5.0-2-7

Mail-Virenscan mit Kaspersky Antivirus
Seit Version 5.0-2.5 konnte es vorkommen, dass Viren in E-Mails nicht erkannt wurden, wenn die Mail sowohl infizierte als
auch nicht infizierte Dateianhänge enthielt.

Name-Server automatisch beziehen
Bei Wählverbindungen können ab sofort die DNS-Adressen dynamisch vom Provider bezogen werden.

Ausführlicher SPAM-Report für alle E-Mails
Auch für E-Mails die vom SPAM-Filter nicht als SPAM klassifiziert wurden, ist es nun möglich eine ausführliche Auswertung
der erreichten Punkte zu erhalten. Sofern die neuen Option aktiviert ist, wird die Auswertung als Kopfzeile (Header) in die
Mail eingefügt.

Blockierter DNS
Beim stoppen oder umkonfigurieren des Name-Servers konnte es vorkommen, dass der Prozess längere Zeit hängen blieb.

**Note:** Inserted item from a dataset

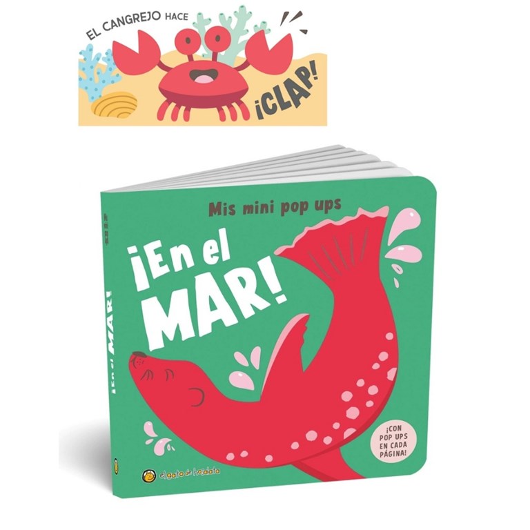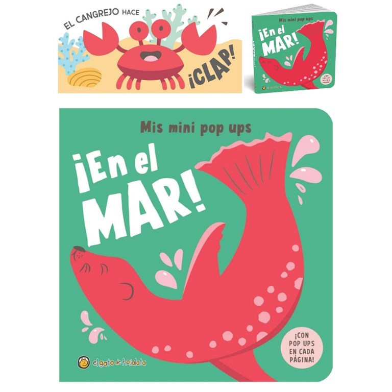 LIBRO CON MOVIMIENTOS POP-UPS DE ANIMALES DEL MAR. GATO DE HOJALATA. MED. 14 X 14 CM.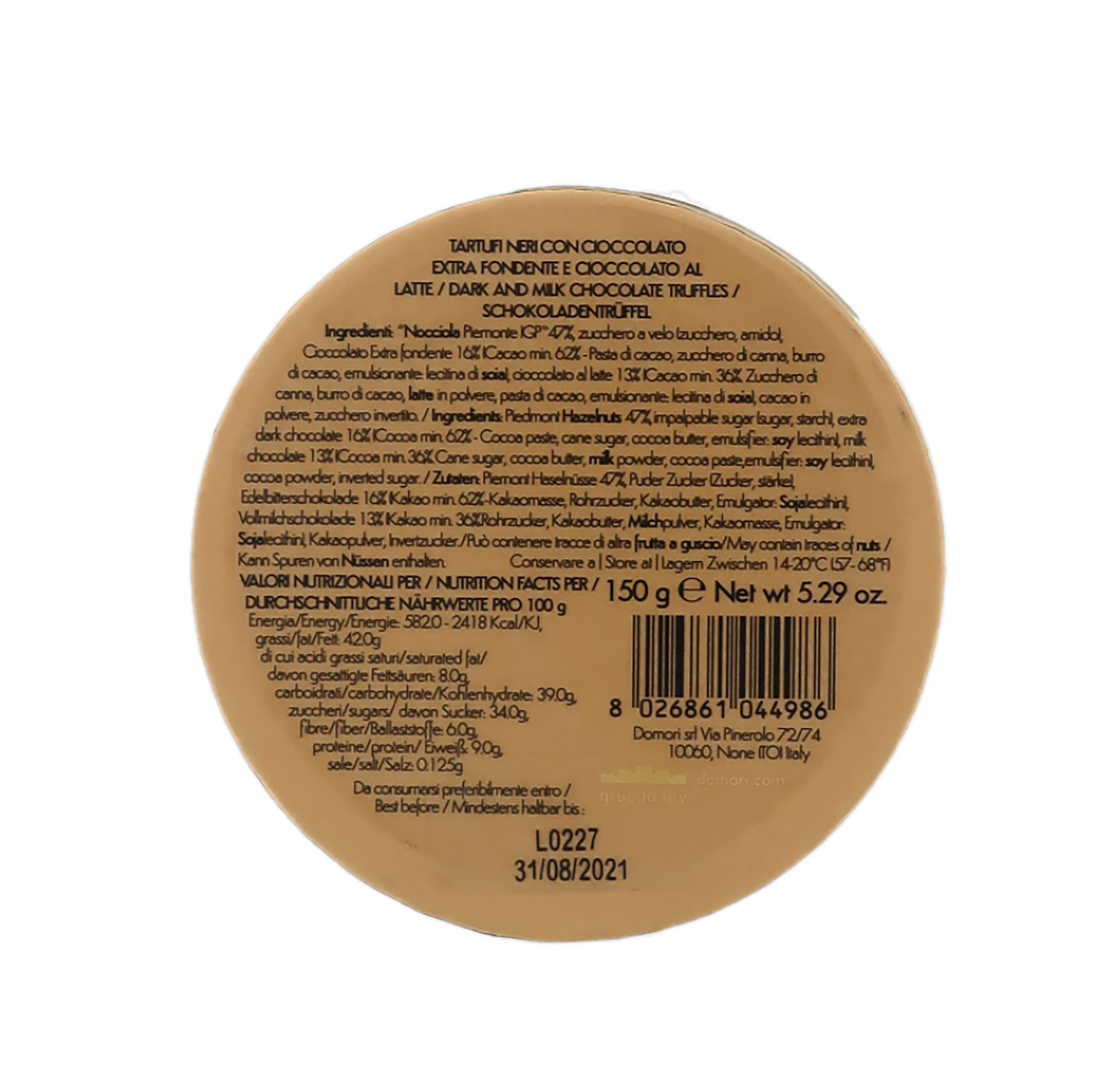 Ingredienti: "NOCCIOLA Piemonte IGP" (min. 47%), zucchero a velo (zucchero, amido), cioccolato extra fondente 16% (cacao min. 62% - pasta di cacao, zucchero di canna, burro di cacao. Emulsionante: lecitina di soia), cioccolato al latte 13% (cacao min. 36% - zucchero di canna, burro di cacao, latte in polvere, pasta di cacao. Emulsionante: lecitina di soia), cacao in polvere, zucchero invertito.

ADSL-Fallback nun auch über eine weitere ADSL-Verbindung möglich

Authentifizierter Zugriff auf den SOCKS-Proxy war nicht möglich
Kleinere Bugfixes und Verbesserungen
5.0-2-6

Update für F-Secure Antivirus
Mit speziell preparierten Archiven konnte ein Puffer-Überlauf hervorgerufen werden.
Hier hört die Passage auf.